- Born: February 3, 1925 New York City, New York
- Died: December 28, 2010 (aged 85)
- Branch: United States Army
- Unit: 290th Infantry Regiment, 75th Infantry
- Conflicts: World War II - Battle of the Bulge
- Awards: Bronze Star
- Education: CUNY (BA) Harvard University (PhD)
- Other work: Professor

= Frank Bonilla =

American professor of Puerto Rican studies

Frank Bonilla (February 3, 1925 – December 28, 2010) was an American academic of Puerto Rican descent who became a leading figure in Puerto Rican Studies. After earning his doctorate from Harvard University, where his dissertation was supervised by Talcott Parsons, he held faculty positions at Massachusetts Institute of Technology, Stanford University, and the City University of New York. He was a key figure in the establishment of the Puerto Rican Hispanic Leadership Forum and the Center for Puerto Rico Studies at the City University of New York.

==Early life and education==
Bonilla was born in New York City in 1925. His parents were both from Puerto Rico and had moved to the United States early in their lives. His mother emigrated to the United States in hopes of attending college, while his father, a former cigar maker and U.S. Cavalry serviceman, was on the same ship. The two met during the voyage and began a relationship.

Bonilla was raised around East Harlem, a neighborhood full of diversity of culture and race. He said that children were very often exposed to multiple languages at an early age and that they became bilingual to interact with people in their day-to-day lives. Bonilla spent his first years of high school attending a Franciscan high school in Illinois, where he showed academic and leadership skills. His favorite subjects were classical Greek, Latin, Spanish, French, and German. He was also elected President of his class. Bonilla then transferred to Morris High School (Bronx, New York).

==Career==
After he graduated from Morris High in 1943, he was drafted and assigned to a weapons platoon. Bonilla was taught to be a mortar gunner and was assigned to the 290th Infantry Regiment, 75th Infantry Division.

===World War II service===
The 290th Infantry Regiment, 75th Infantry Division was involved in the Battle of the Bulge. Bonilla served in this battle at the front of the line for nearly a month.

After serving at the front lines, Bonilla sustained an injury and had to be hospitalized in France.
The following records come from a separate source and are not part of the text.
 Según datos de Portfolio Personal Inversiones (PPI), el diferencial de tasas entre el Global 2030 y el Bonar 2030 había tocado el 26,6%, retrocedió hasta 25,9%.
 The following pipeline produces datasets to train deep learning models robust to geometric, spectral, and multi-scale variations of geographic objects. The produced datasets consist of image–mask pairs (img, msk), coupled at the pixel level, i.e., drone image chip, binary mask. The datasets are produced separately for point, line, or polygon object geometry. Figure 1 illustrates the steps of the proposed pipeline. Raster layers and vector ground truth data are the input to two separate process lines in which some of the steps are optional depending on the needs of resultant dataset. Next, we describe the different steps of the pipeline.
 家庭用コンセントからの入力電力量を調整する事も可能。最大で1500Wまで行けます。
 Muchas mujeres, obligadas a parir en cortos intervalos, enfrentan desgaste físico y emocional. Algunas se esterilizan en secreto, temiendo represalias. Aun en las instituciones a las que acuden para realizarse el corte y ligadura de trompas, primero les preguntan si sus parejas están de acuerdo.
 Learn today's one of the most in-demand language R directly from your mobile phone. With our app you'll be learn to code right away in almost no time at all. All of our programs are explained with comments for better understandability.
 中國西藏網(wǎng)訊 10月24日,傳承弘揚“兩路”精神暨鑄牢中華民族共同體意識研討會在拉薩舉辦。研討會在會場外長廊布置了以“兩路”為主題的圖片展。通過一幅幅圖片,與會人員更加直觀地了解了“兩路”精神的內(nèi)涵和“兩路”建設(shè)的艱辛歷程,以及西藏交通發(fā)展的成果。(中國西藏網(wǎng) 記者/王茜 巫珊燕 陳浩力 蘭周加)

After a brief three week hospitalization, Bonilla was reassigned to a replacement depot in France. It was there that he was invited to join the Puerto Rican National Guard near Frankfurt and assigned as the company clerk. He soon realized that the Puerto Rican soldiers had a divide. The Puerto Rican soldiers raised in the United States were looked down upon by those who had grown up in Puerto Rico, and referred to the emigrated Puerto Ricans as "American Joes". Bonilla said of this experience, "The military experience helped to consolidate my sense of being Puerto Rican and also a sense of wanting to study and be a scholar."

===Post-war career===
Bonilla returned to the United States after he was discharged from the military and made use of the educational benefits of the G.I. Bill to attend the College of the City of New York. He graduated cum laude in 1949 with a B.A. in business administration. He went on to pursue a master's degree in sociology from New York University, which he earned in 1954. He attended Harvard University and received a doctorate in sociology soon after. In 1965 his name appeared on a list of academics involved with Project Camelot.

For 20 years, he directed CUNY's Center for Puerto Rican Studies, where he served as founding director until his retirement in 1995. He also played a key role in the formation of the Puerto Rican Hispanic Leadership Forum to help manage the needs of Puerto Ricans in New York. Bonilla also co-founded the Inter-University Program for Latino Research at the City University of New York, a consortium for research that includes over 20 universities.

===Legacy===
The Frank Bonilla Public Intellectual Award was created in his honor by the Latin American Studies Association (LASA). The award is offered every other year.